中村明日美子先生の上下巻作品。耽美なBL作品です。

中村明日美子先生といえば、BLながらもピュアな高校生が恋をする過程が描かれた『同級生』シリーズが大人気ですが(もちろん非BLでも素晴らしい作品を描かれておりますが)、初期の頃はかなりエログロな作品を描かれていました。

年月を重ねる度に、お話もエンタメ性がでてきて、よりわかりやすいエロティシズムを表現されるようになったかと思います。

この物語は純文学的であり、義理の兄弟という怪しげ!?な関係から物語がスタートします。

上巻には『BE・BOY GOLD』2009年2、8月号、2012年12月号、2013年2、6、10が都合掲載、そして関連短編の『汚れ』は『Libre Premium 2014』2014年11月号に掲載されたものが収録されています。

下巻には『BE・BOY GOLD』014年2, 6 10が都合、2015年2, 6月号に掲載された第7話〜大11話が、そして『暗転』という描き下ろしが収録されています。

表紙は、黒背景に描かれるキャラの肌がピュアさと儚さを感じさせ、赤(血色)のタイトルでおどろおどろしい物語の行方を醸し出している装丁に惹かれます。

明日美子先生の唯一無二の画力、そしてストーリーテリング、テーマとメッセージ、そして世界観。すべてが驚異的なバランスで描かれた秀作。

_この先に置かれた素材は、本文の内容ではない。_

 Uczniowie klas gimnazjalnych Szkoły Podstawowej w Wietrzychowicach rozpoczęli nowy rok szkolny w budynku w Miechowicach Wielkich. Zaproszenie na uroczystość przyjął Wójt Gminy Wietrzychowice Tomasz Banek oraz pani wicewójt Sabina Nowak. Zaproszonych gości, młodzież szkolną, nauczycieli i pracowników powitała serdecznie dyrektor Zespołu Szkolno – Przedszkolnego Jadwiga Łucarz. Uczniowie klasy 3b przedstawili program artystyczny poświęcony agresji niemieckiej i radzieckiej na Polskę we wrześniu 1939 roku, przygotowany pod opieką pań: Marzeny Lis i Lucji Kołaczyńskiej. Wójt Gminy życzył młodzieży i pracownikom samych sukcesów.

西洋・東洋文学に影響を受けた明日美子先生ならではの物語の展開や見せ方が面白く、そして美しい。そこにあるのはエロスというよりもエロティシズム(性的行為の美的描写)がはっきりと描かれていて、登場人物のどろどろとした感情が情熱的に絡み合っていきます。

誰でも楽しめる作品ではありますが、パラパラと読むだけではもったいなく、じっくりと、何度も考えながら読むタイプの作品ではないでしょうか。

カップリング

攻め:竹蔵(たけぞう:竹蔵の母と忍の父との再婚により、忍の義理の弟となった)

受け:忍(裕福な家庭で育つが、それゆえに複雑な家庭環境に悩まされる)

あらすじ

事業を営む比良木(ひらき)家に育った。ある日、父親が再婚したことで竹蔵という義理の弟が出来る。竹蔵と忍の歪な関係、そしてそこに忍の息子・の存在感が薫る。

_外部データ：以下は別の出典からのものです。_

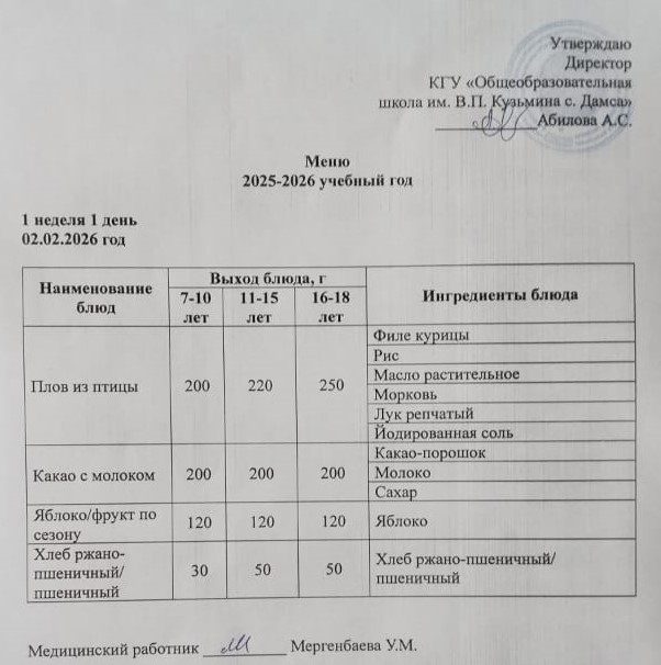 КГУ «Общеобразовательная школа им. В.П. Кузьмина села Дамса отдела образования по Шортандинскому району управления образования Акмолинской области»
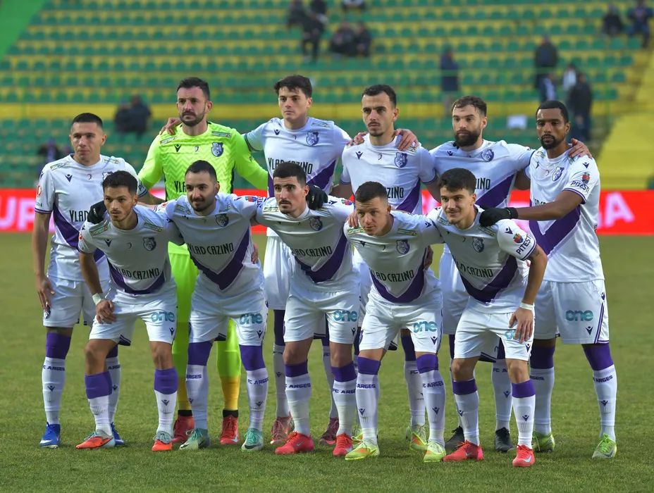 Fotbalistii argeseni la o fotografie de grup realizata inaintea meciului de fotbal dintre FC Arges si AFC Hermannstadt, contand pentru Superliga Superbet, desfasurat pe Stadionul Orasenesc din Mioveni, vineri 6 februarie 2026. © FOTO:Mihai Nitoiu/SPORT PICTURES
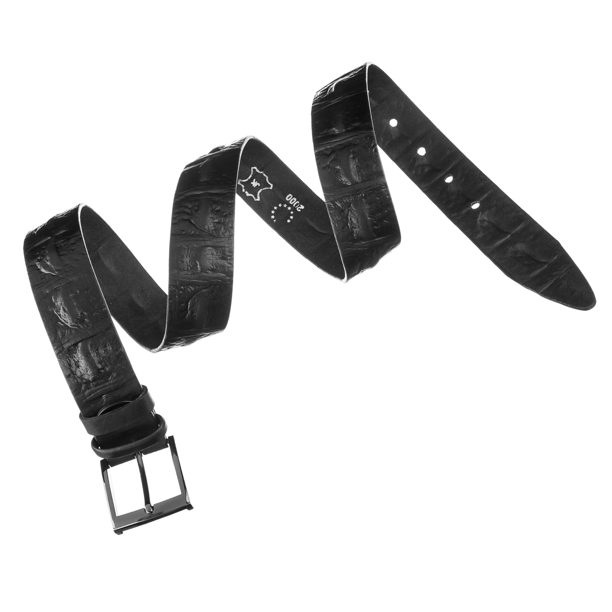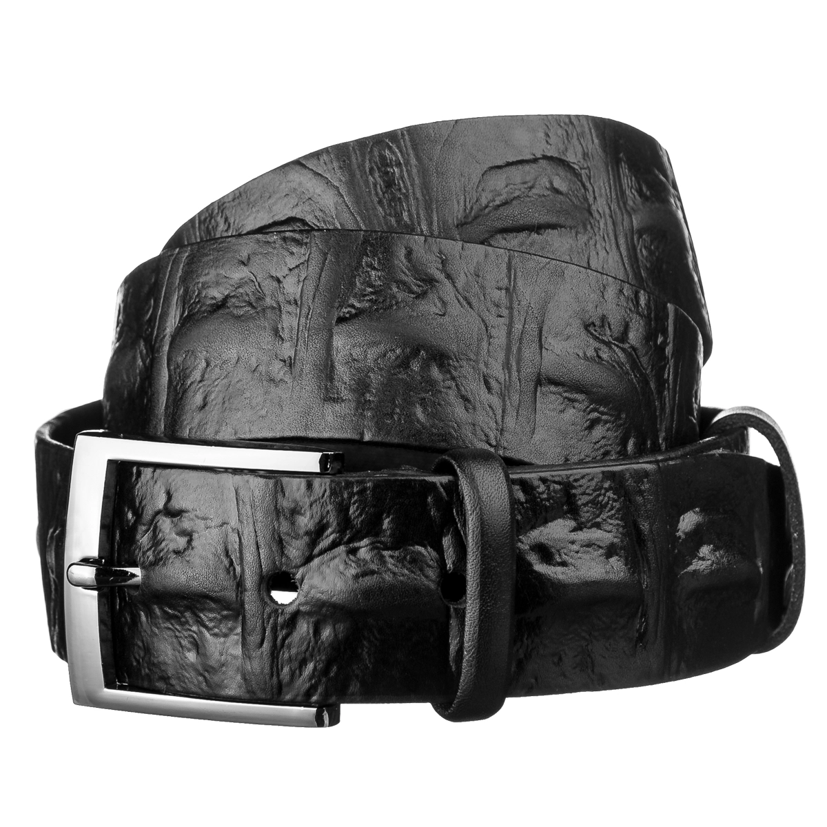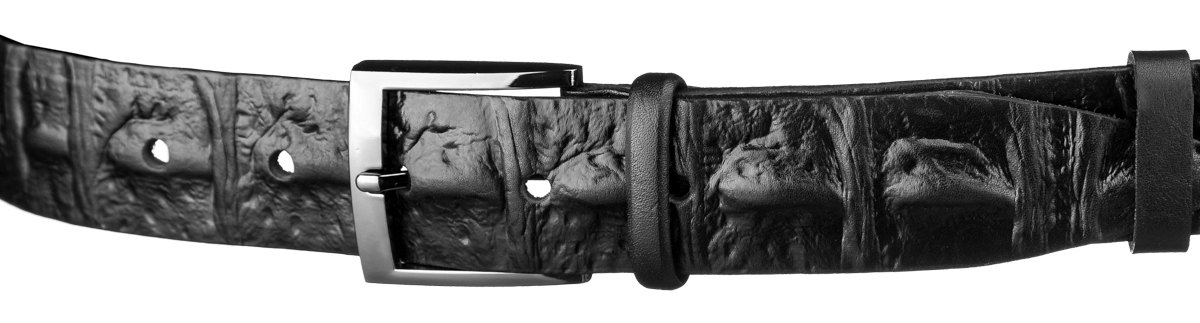 Надежный джинсовый ремень из цельной высококачественной кожи, с фактурой под крокодила. Производитель, использует исключительно качественную фурнитуру, которая не темнеет, не царапается и не вызывает аллергии. Цвет фурнитуры: темное серебро. Отличный вариант для подарка для дорогих и любимых мужчин. Выбрав этот аксессуар, вы непременно останетесь довольны своей покупкой.

愛情、憎悪、嫉妬……。ゆっくりと明かされていく人間関係に、行き場を失った感情はどう解放されるのかーーー。

中村明日美子先生『薫りの継承』:ネタバレ!?感想・レビュー

面白いとか、そうでないとか、そういう問題では語れない作品です。

純文学。自分との対話。何を感じて、どう自分なりに感情を整理していくか。

少し難しい作品ですが、読む度に新しい発見と考察が楽しめる物語です。

作品の魅力1:愛情の行方

上下巻に分かれていますが、上巻は義理の弟である竹蔵の視点で語られます。

全体的なお話の流れはありますが、エピソードごとに時系列が変わります。現在のお話の合間に、幼少期のエピソードなども挟んで進んでいきます。

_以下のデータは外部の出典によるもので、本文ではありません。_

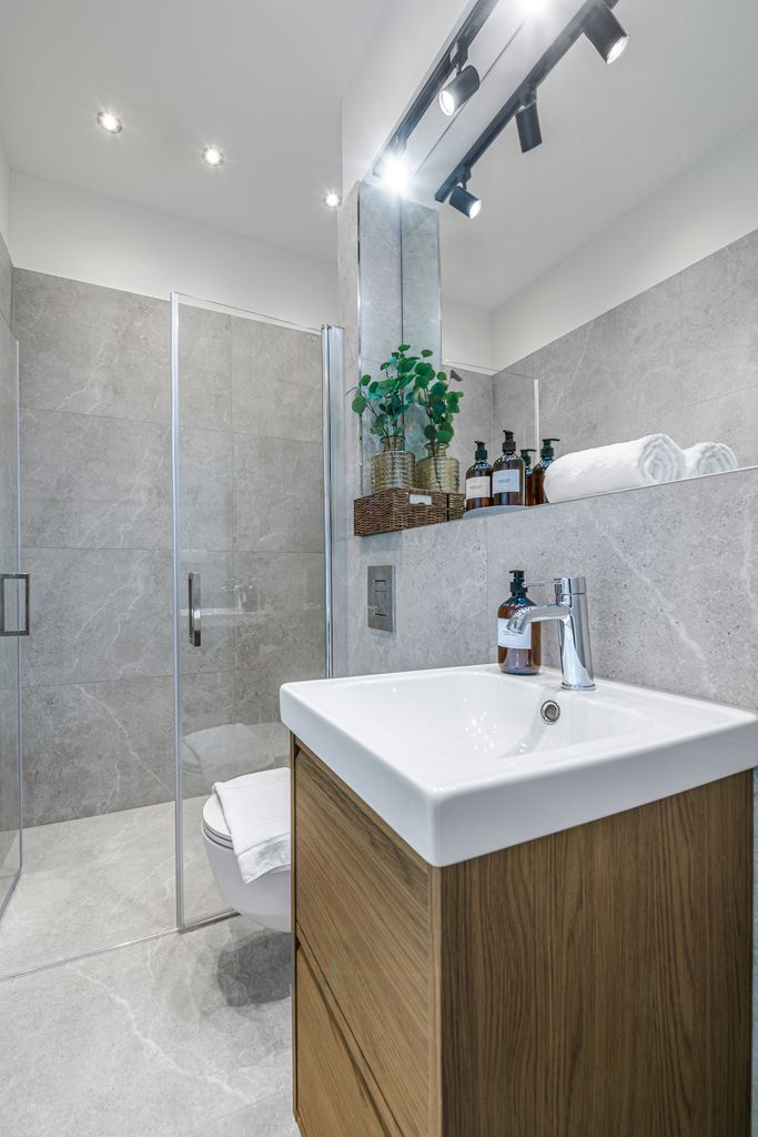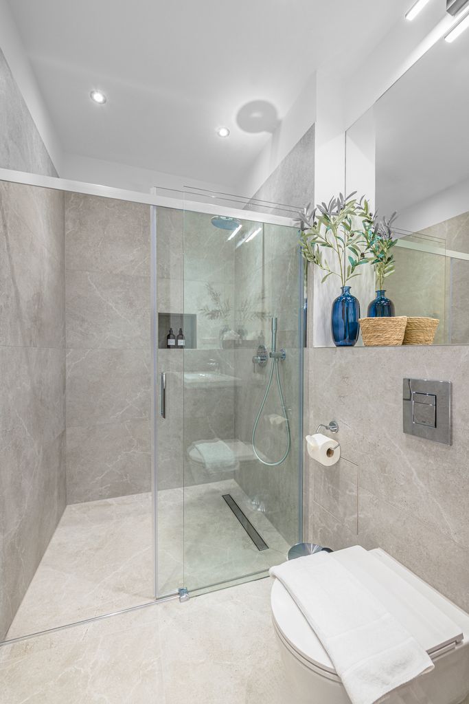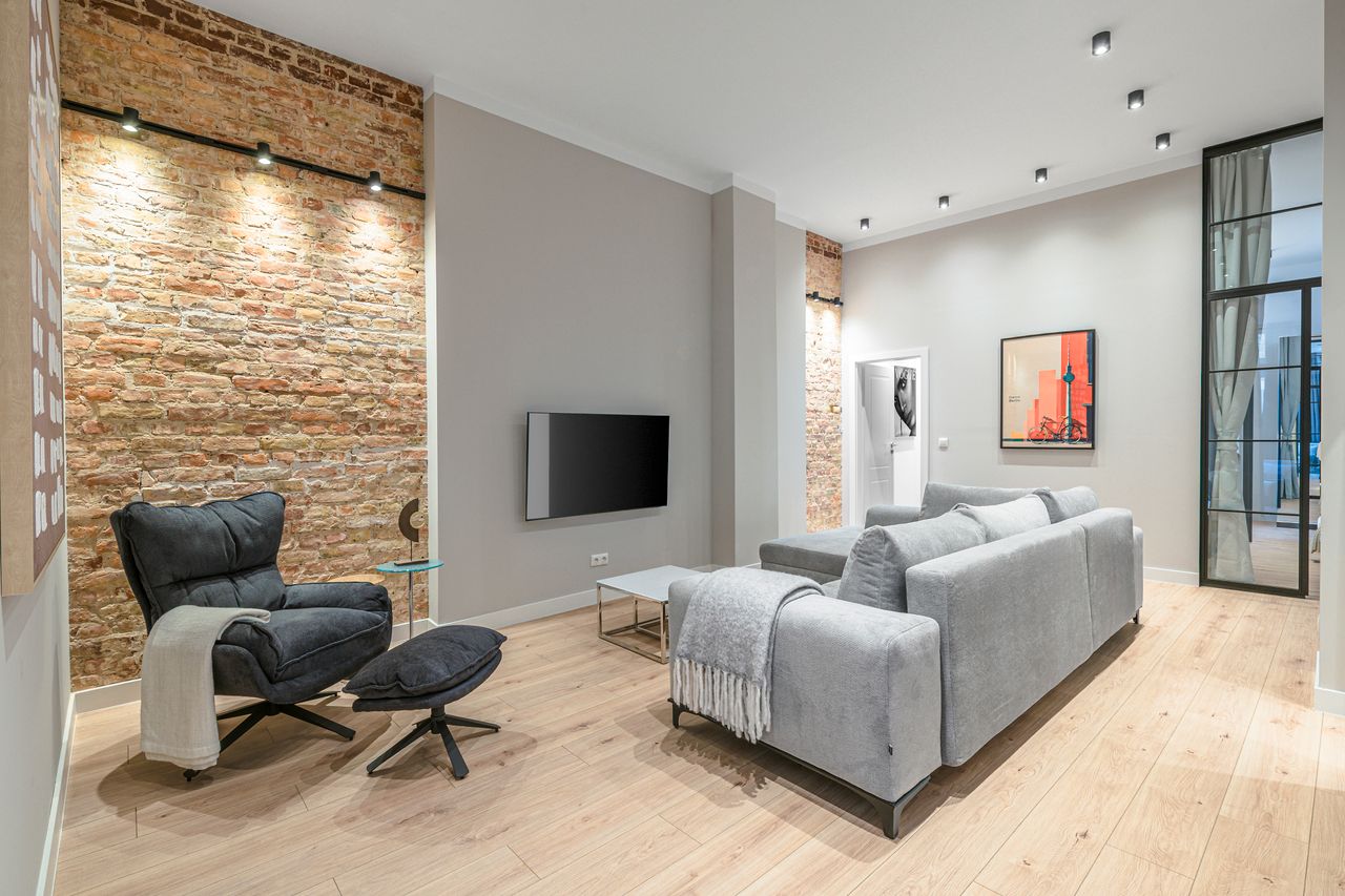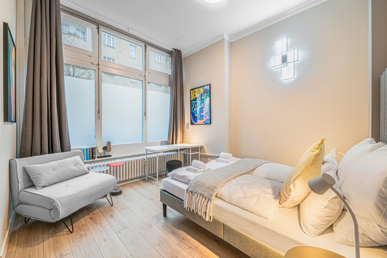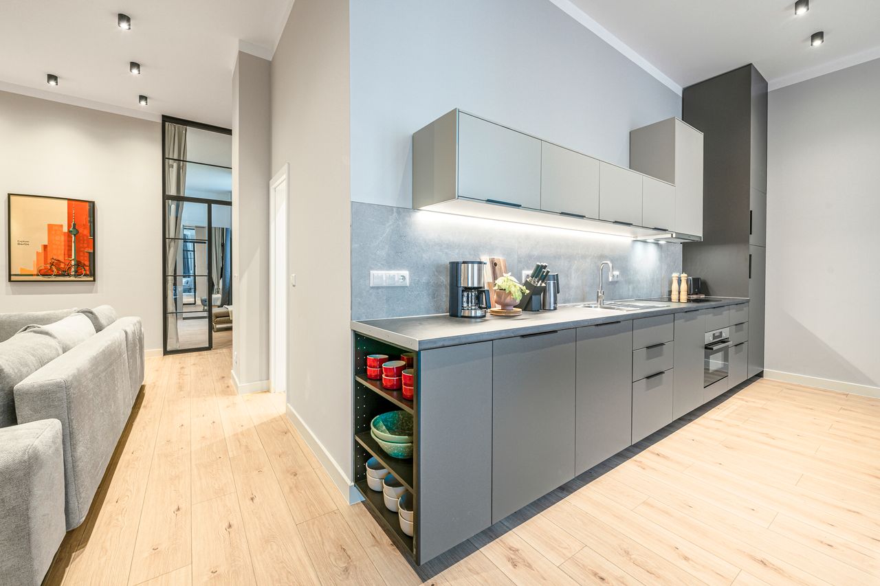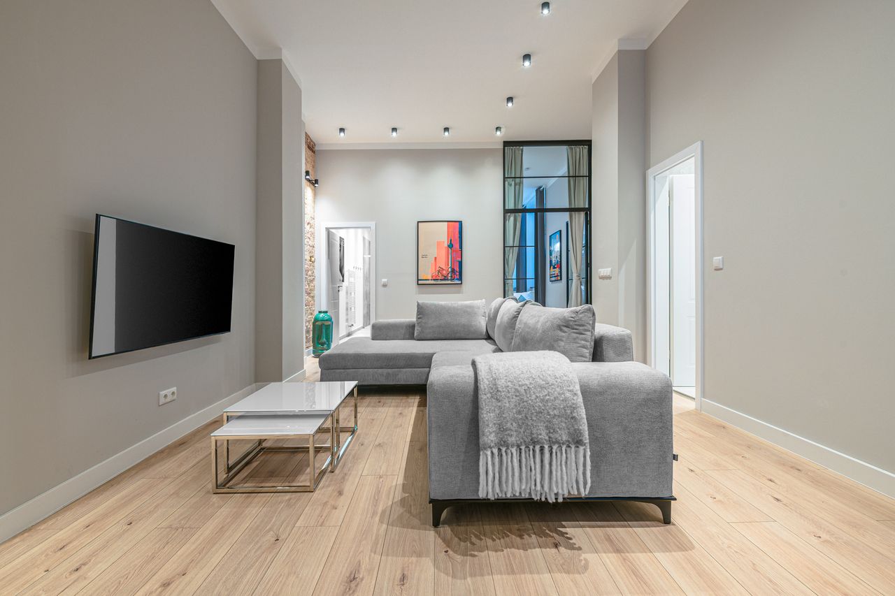 Bei dem Apartment handelt es sich um eine umgebaute Gewerbeeinheit im Erdgeschoss mit einem eigenen Zugang direkt von der Straße.

良質な小説は、最初の1文を読めばわかると言われますが、明日美子先生の作品は最初の1ページを読めば、その作品の良し悪しがわかります。

ある程度の「間」のようなものはあるものの、決してそのために無駄な1コマを割くことはなく、1コマ1コマ全く無駄がなく、時が進んでいきます。「チェーホフの銃」のように、コマの描写どれもが物語につながっていく。

冒頭で登場する竹蔵、そして忍の息子である

この3人、そしてタイトルの『薫りの継承』で、言葉で説明する必要なく読者は物語の方向性がわかるのではないでしょうか。

義理の兄である忍に思いを寄せる竹蔵は、レストランを経営しています。資金巡りも良くないため、たまに忍の屋敷を訪れても怒られる竹蔵。必要以上にサディスティックに竹蔵を痛めつける忍にも、すでにエロティシズムを感じるところがあります。

義理とはいえ、兄弟という関係性の二人。そんな二人が要(かなめ)の計らい!?で関係をもってしまうところから物語がスタートします。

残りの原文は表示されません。